FIELDThis invention relates to flash memory systems and read methods of flash memory systems and, more particularly, to flash memory systems which may reduce overhead of systems by quickly and accurately correcting read errors so as to improve read reliability and related read methods.
BACKGROUNDFlash memory systems have been scaled down in response to requests for higher integration, whereas the number of bits to be stored in each memory cell has increased. Thus, a read margin between program states decreases so that a read error is frequently generated. Thus, methods for quickly and accurately performing read error correction are widely being developed.
SUMMARYThe inventive concept provides a flash memory system which may reduce overhead of a system by quickly and accurately correcting a read error so as to improve read reliability, and a read method of a flash memory system.
According to an aspect of the inventive concept, there is provided a read method in a flash memory system including a flash memory and a memory controller includes updating a selected one of indexes of a selected one of blocks of the flash memory, in a wear-out table for indexing each of the blocks of the flash memory, and setting a start read level to start read retry on the selected block by referring to a read retry table corresponding to a wear-out degree included in the selected index when a current request of read retry on the selected block is received.
The read retry table corresponding to the wear-out degree included in the selected index may be one of read retry tables separately provided for each endurance state of the flash memory.
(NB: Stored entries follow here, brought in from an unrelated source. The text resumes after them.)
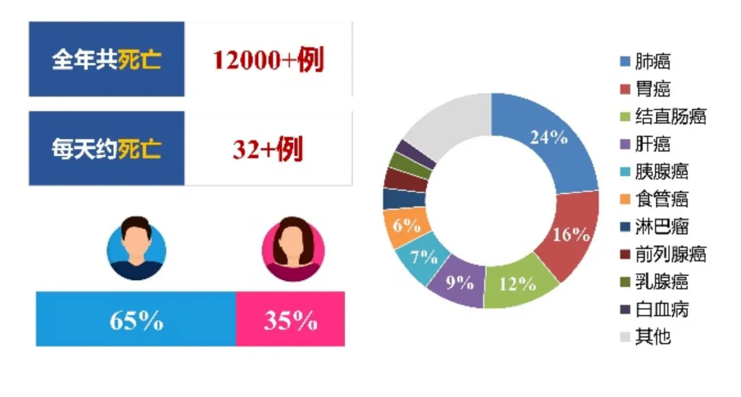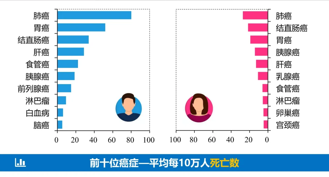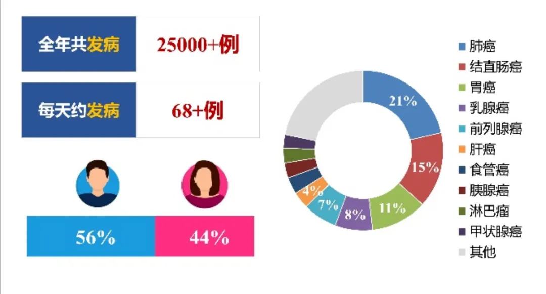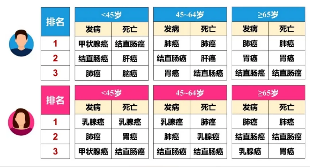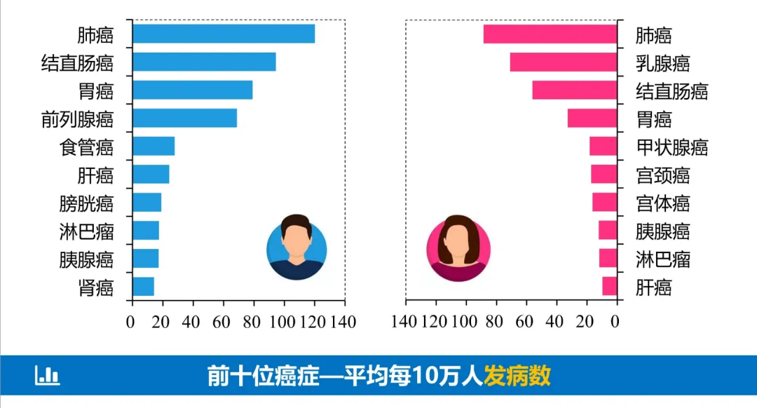 男性癌症发病前5位分别为肺癌、结直肠癌、胃癌、前列腺癌、食管癌;女性癌症发病前5位分别为肺癌、乳腺癌、结直肠癌、胃癌、甲状腺癌。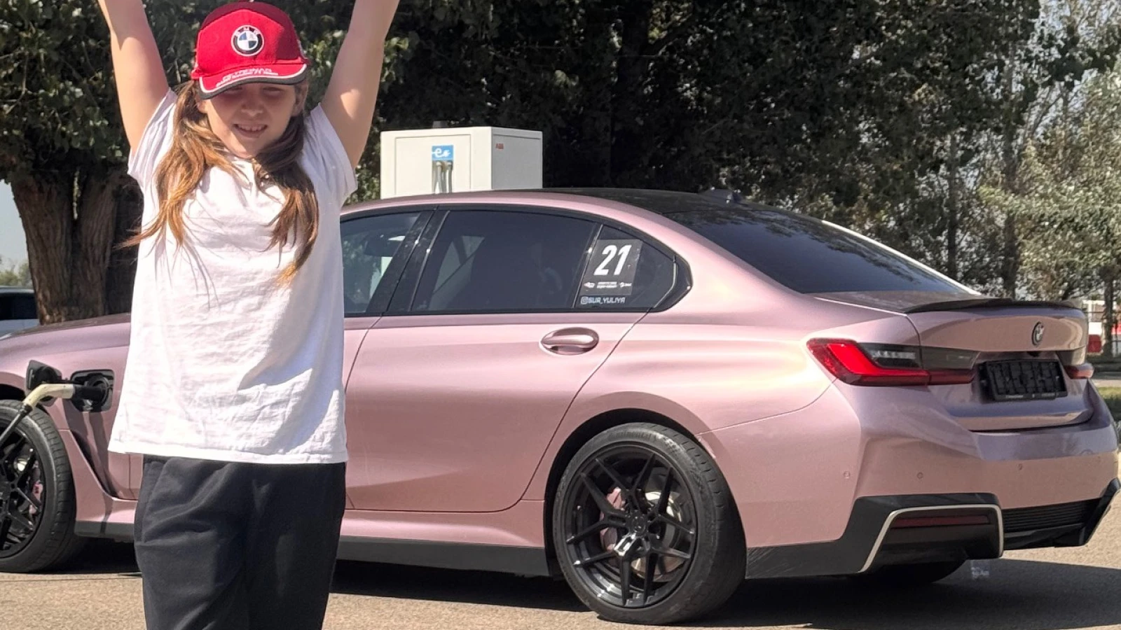 Свою электрическую BMW Юлия купила всего год назад. Единственное, что она изменила — оклеила её розовой плёнкой, поставила спортивные диски и резину.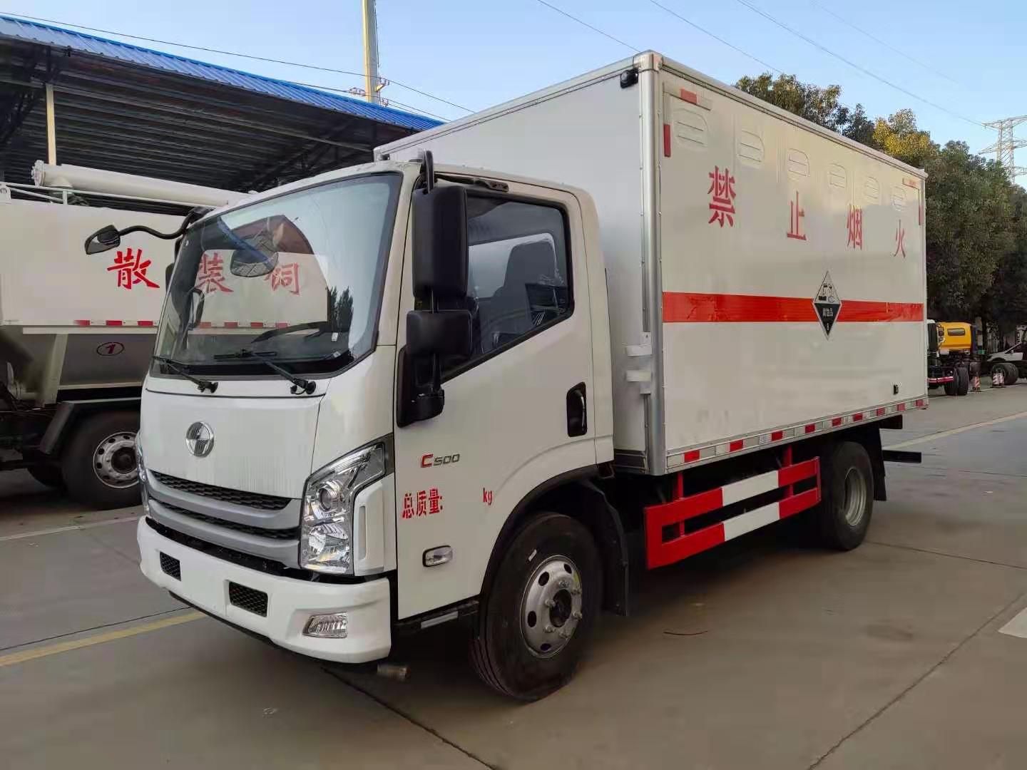 運輸氧氣瓶、二氧化碳等二類危險品車都需要專用的車輛進行運輸,尤其是需要重載版的車型,目前市場上查危險品運輸超重都非常嚴格,程力專汽為您推薦額載4噸的躍進C500國六黃牌易燃氣體廂式運輸車,詳細配置如下: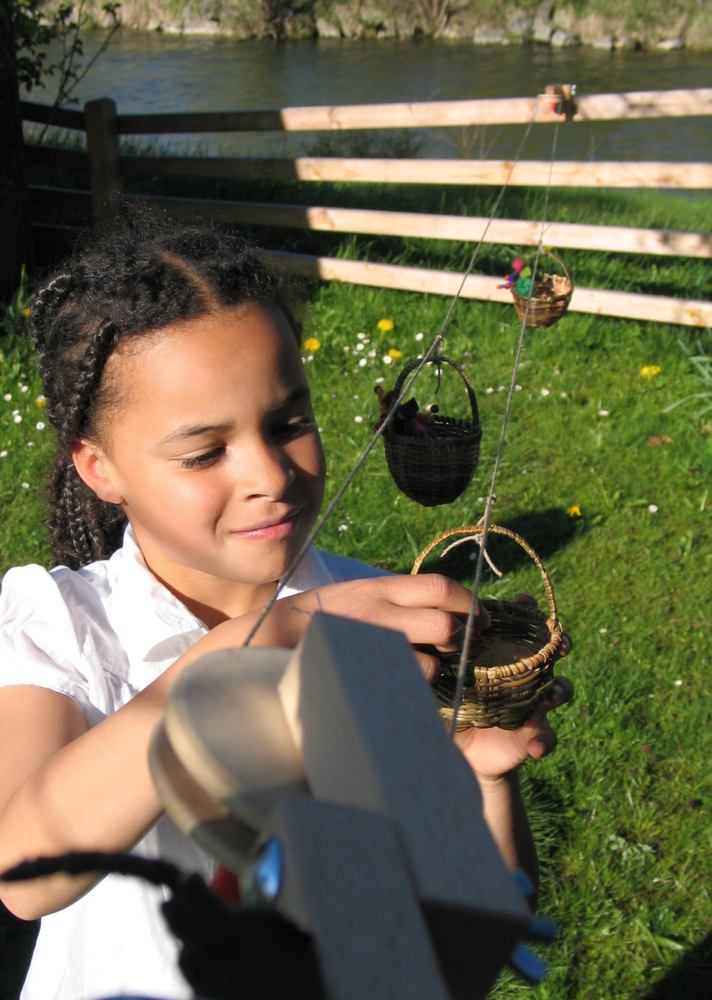 Töltsd meg a kosarakat utasokkal, tekerd el a kereket, és nézd, ahogy elindulnak! Ez a „csináld magad” kötélpálya készlet kötelet, két kis fonott kosarat, két fém szorítót és két összeszerelhető kerekes állomást tartalmaz. A Kraul Kosaras kötélpálya készlet egy szórakoztató szett gyermekek számára, amellyel beltéren és kültéren egyaránt lehet játszani.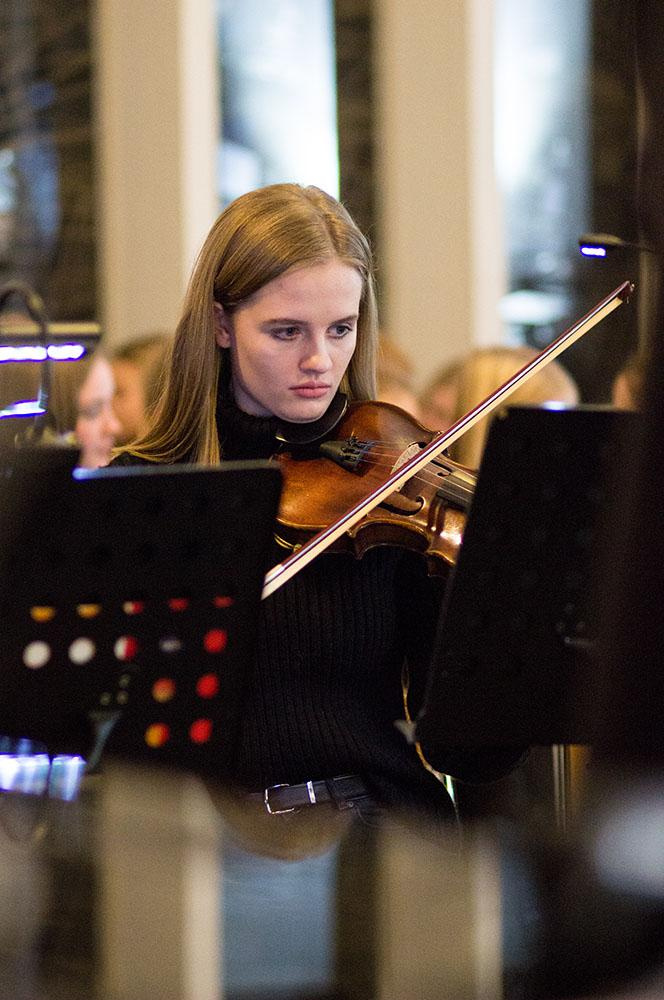 Im Namen der Stufe Q2 lud Pia Timm die Konzertbesucher ein, zum geselligen Ausklang überzugehen, und in der Pausenhalle auf einen Glühwein, Kinderpunsch oder Plätzchen vorbeizukommen.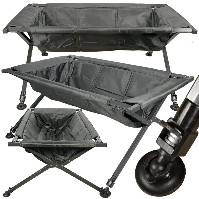 A bölcső állítható lábakkal rendelkezik, így egyenetlen talajon is stabilan beállítható. Ez különösen hasznos parton, köves vagy sáros terepen.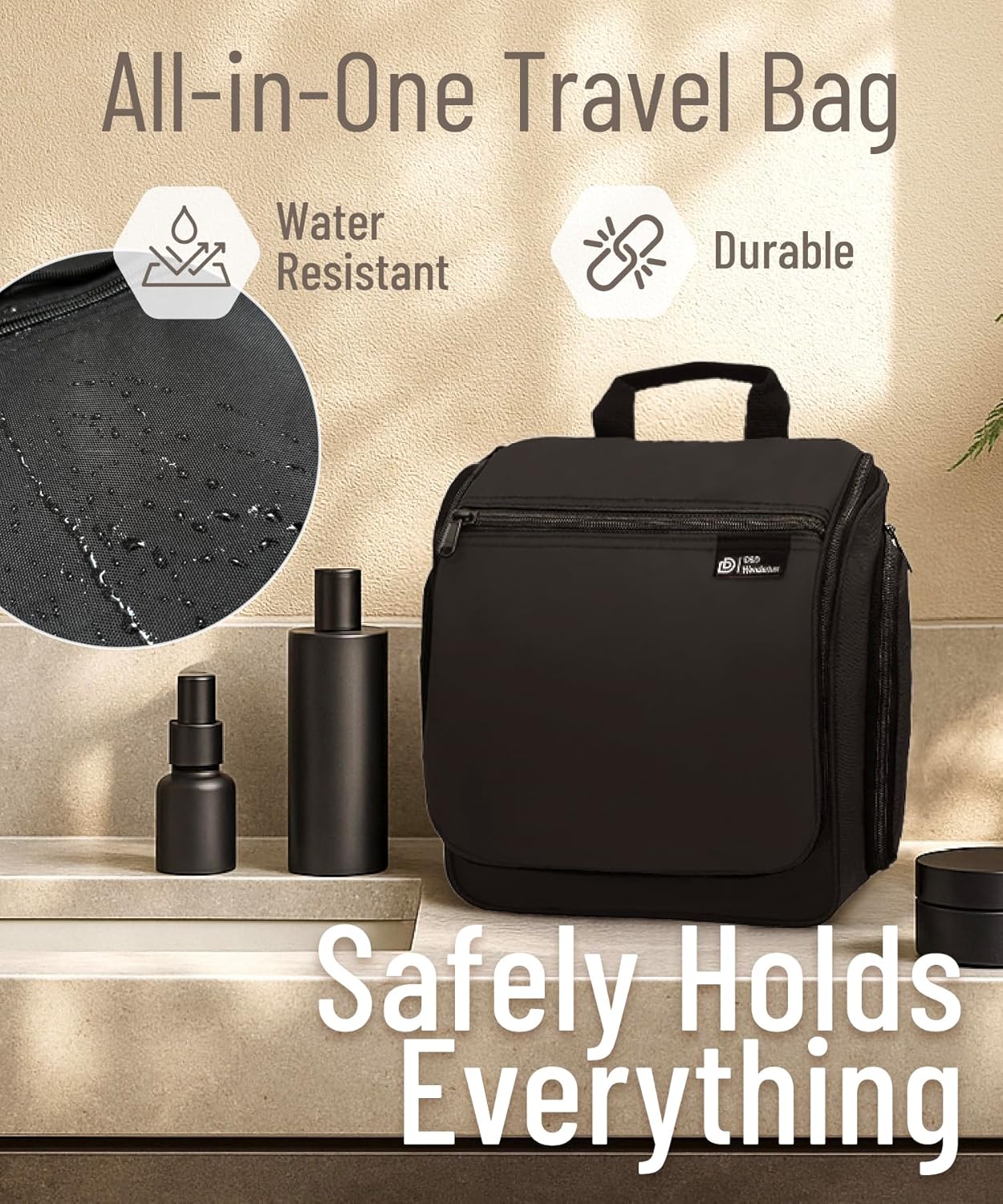 DD D&D Wanderlust D&D Hanging Travel Toiletry Bag for Men and Women – Cosmetics, Makeup and Toiletries Organizer Kit with 10 Compartments, YKK Zippers, XXL Metal Swivel Hook, Water-Resistant Nylon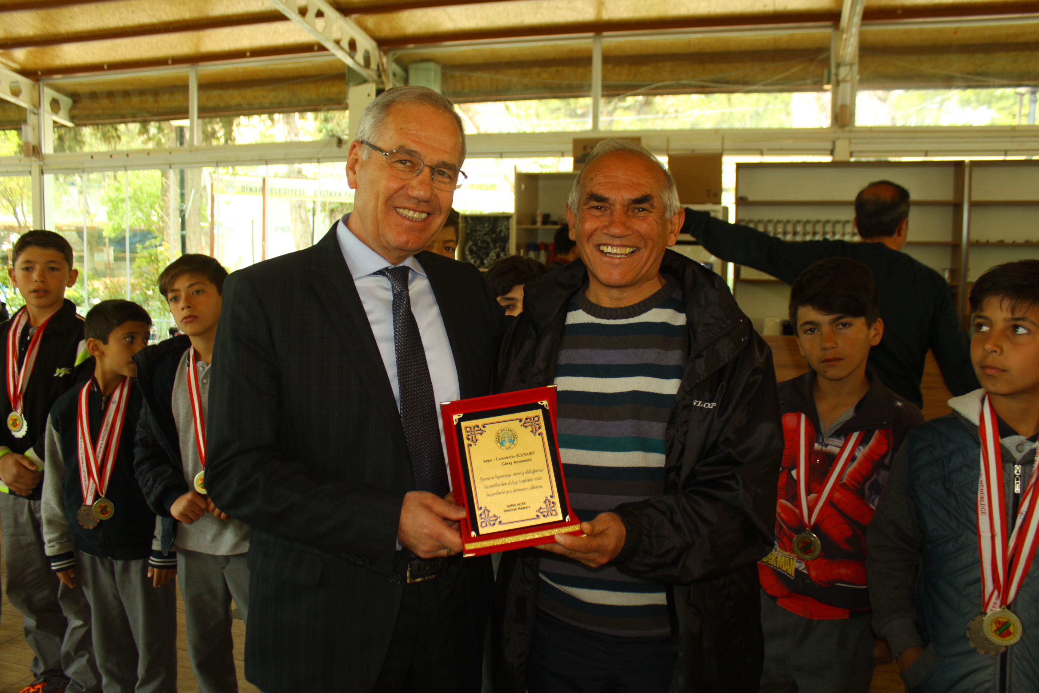Yapılan müsabakalar sonrasında madalya ve kupalar ile Dinar dönen güreş takımı, Belediye Başkanı Saffet Acar’ın misafiri olarak Suçıkan Park Tesislerinde ağırlandı. Güreş Antrenörü Cemalettin Bozkurt, Milli Güreşçiler Antrenörü Baki Öztürk ve Belediye Spor Tesisleri Amiri İbrahim Gökçe eşliğinde müsabakalarda derece yapan tüm minik güreşçilere Belediye Başkanı Saffet Acar tarafından da madalyaları verildi. Başkan Acar, spora ve sporcuya verdikleri hizmetten dolayı; Antrenör Cemalettin Bozkurt’a, Antrenör Baki Öztürk’e ve Dinar Belediye Spor Kulüp Başkanı Muammer Mazlum’a plaket takdim etti.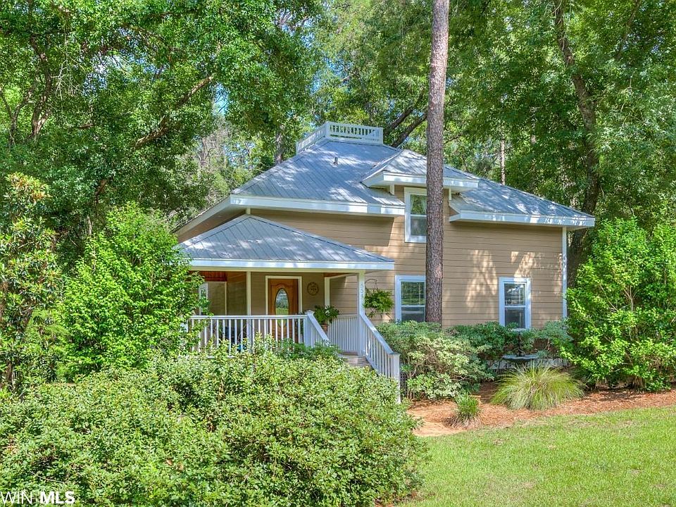 Picturesque 2215 sf, 1.5 story Captain's cottage complete with Widow's Walk nestled on large 0.63-acre lot adjoining a wooded common area for additional privacy. While surrounded by mature landscaping with dual concrete driveways, there is under-dwelling parking spaces plus additional parking areas. A spectacular 3 bedroom, 2 bath custom built one-owner gem with so many quality upgrades just a few blocks from public bay access and the sought-after convenience to Fairhope Municipal Pier/Park, Fairhope Yacht Club, Fairhope West Elementary, and quick access to parades and all that downtown has to offer. Custom features include a grand 39' x 15' primary suite complete with 14' ceiling, sitting area, tongue and groove shiplap bathroom with cypress window seat and cypress vanity countertop, in addition to huge 13' x 9' walk-in closet; spacious 26' x 21' living room with soaring 23' vaulted ceiling crowned with exposed cypress beams, along with a large custom built-in cypress/cedar bar; 19' x 13' eat-in kitchen with solid cabinetry, custom cypress countertop, smooth top range, French door refrigerator, and pantry; Cypress countertops throughout; dual A/C units for added comfort plus insulated windows and doors. For outdoor enjoyment, there are 2 porches with finished pine tongue and groove ceilings, including a screened porch with dual ceiling fans. It's obvious this home has been lovingly cared for inside and out!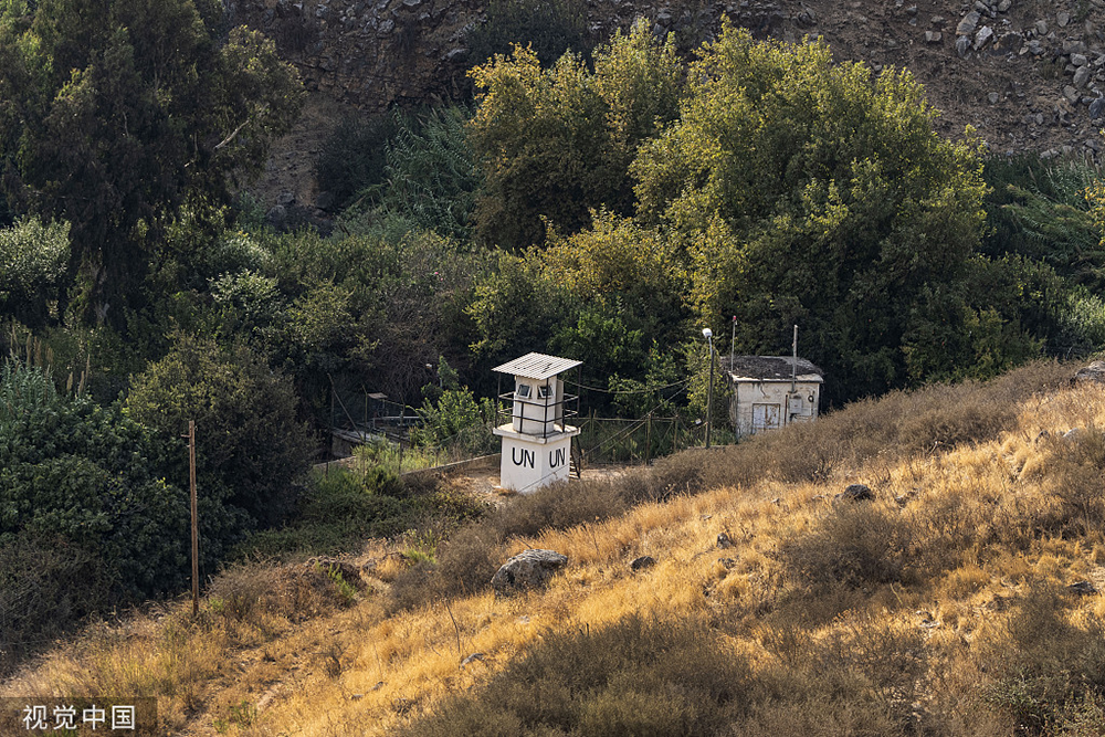 当地时间2022年10月14日,盖杰尔村处的联合国边境围栏的望塔。盖杰尔村地处以色列实际控制的戈兰高地与黎巴嫩交界地区,横跨联合国划定的黎以控制区分界线。视觉中国 资料图

The read retry table corresponding to the wear-out degree included in the selected index may have a read environment of the flash memory as an index.
The read environment may be at least one of a retention characteristic and a read disturb characteristic of the flash memory.
The selected index may include a wear-out degree of the selected block, and information of an index corresponding to a read level at which a read error is corrected by a previous request for read retry on the selected block among the indexes of the read retry table.
The read method may further include repeating a read operation at each voltage level from the start read level to a last read level of a last index of a read retry table corresponding to a wear-out degree included in the selected index, until an error that is a basis for a current request of the read retry is corrected.
The read method may further include starting a read correction operation that is different from read retry when the error is not corrected by a read operation at the last read level of the last index of a read retry table corresponding to a wear-out degree included in the selected index.
The read correction operation that is different from read retry may be a read correction operation by soft decision in a low density parity check code (LDPC) method.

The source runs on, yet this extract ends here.